For a team that celebrates the running game so earnestly, Steelers fans are often slow to credit the big men up front. But few road graders in Steelers past and present had more of an impact than 1998 first rounder Alan Faneca. From the time he stepped into camp during his rookie season, the Steelers knew they had struck the equivalent of draft gold. Faneca instantly upgraded the offensive line and his pulls and clear-outs were a picture of joy and violence. A 9-time Pro Bowler and 9-time All Pro Faneca is considered to be among the best to have ever played his position.

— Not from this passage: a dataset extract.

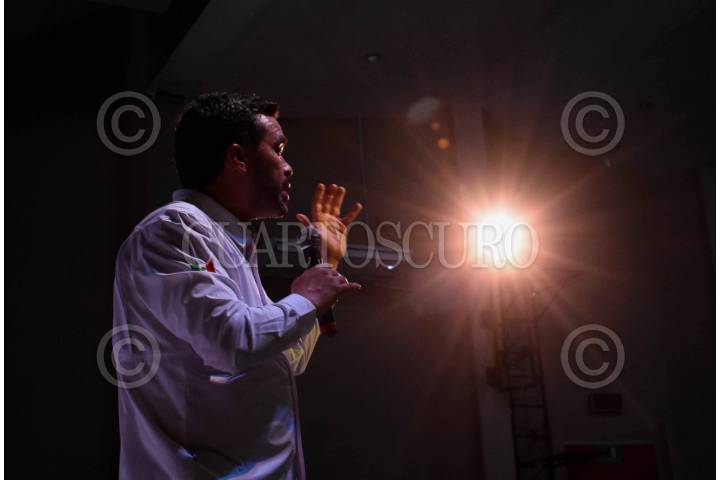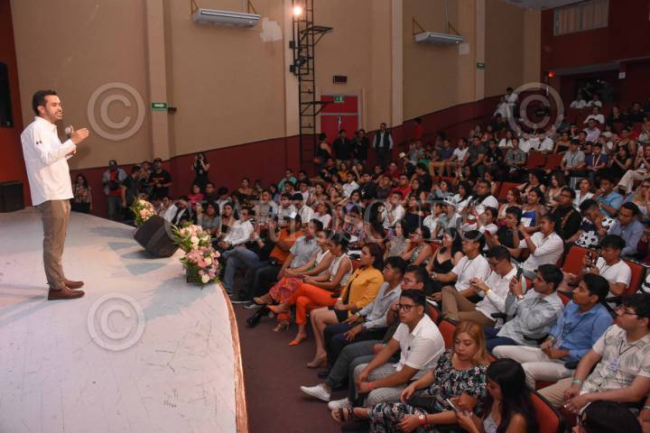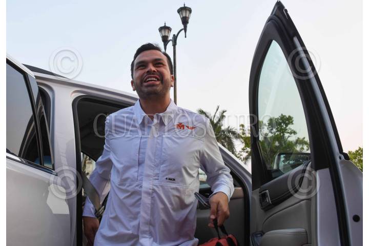 CAMPECHE, CAMPECHE, 22MARZO2024.- Jorge Álvarez Máynez, candidato a la presidencia por el partido Movimiento Ciudadano , sostuvo un encuentro de diálogo con universitarios de la asociación nacional de estudiantes de ciencia política y administración pública en el teatro Juan de la Cabada de la ciudad capital. FOTO: MICHAEL BALAM/CUARTOSCURO.COM

There was little offensive joy in Steelersville during the 1980’s and what little there was could just about all be attributed to wide receiver Louis Lipps. Sadly, Lipps has become somewhat of a forgotten man in team history, but this has more to do with the dismal memories of the decade rather than the player. After getting mentored by Hall of Famer John Stallworth in his rookie season, Lipps went on to take the torch as the next great Steelers receiver. Not only was he a great ball catcher but he was one of the league’s best at punt returning. Although he didn’t get great acclaim throughout the league, his value was understood by his team as they voted him twice as their Most Valuable Player.

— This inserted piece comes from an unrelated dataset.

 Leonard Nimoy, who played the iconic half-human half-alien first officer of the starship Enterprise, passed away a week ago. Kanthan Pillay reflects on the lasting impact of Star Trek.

One of the few players that was able to jump from the draft board into the Steelers starting defensive lineup, Casey Hampton made a huge impact (and we do mean huge) from the beginning of his rookie season moving forward. The man affectionately known as “Big Snack” by his teammates played as big a role as any in providing consistency and excellence in Dick LeBeau‘s defenses. Given the responsibility of plugging up the run and eating up interior blockers, Hampton took on the task with pride, tenacity and his own brand of humor. A player that will be difficult to replace.
Just Missed the Cut:
Heath Miller (2005) A quarterback’s best friend and a consummate gentleman and professional, Heath Miller is one of Steelers Nation’s all-time fan favorites. Although the Pittsburgh run-focused system kept Miller out of the national limelight, his coaches and teammates consider him among the best all around tight ends in the league. How well he’ll be able to fully return from a knee injury from a couple of seasons ago will determine the complete legacy of this beloved player.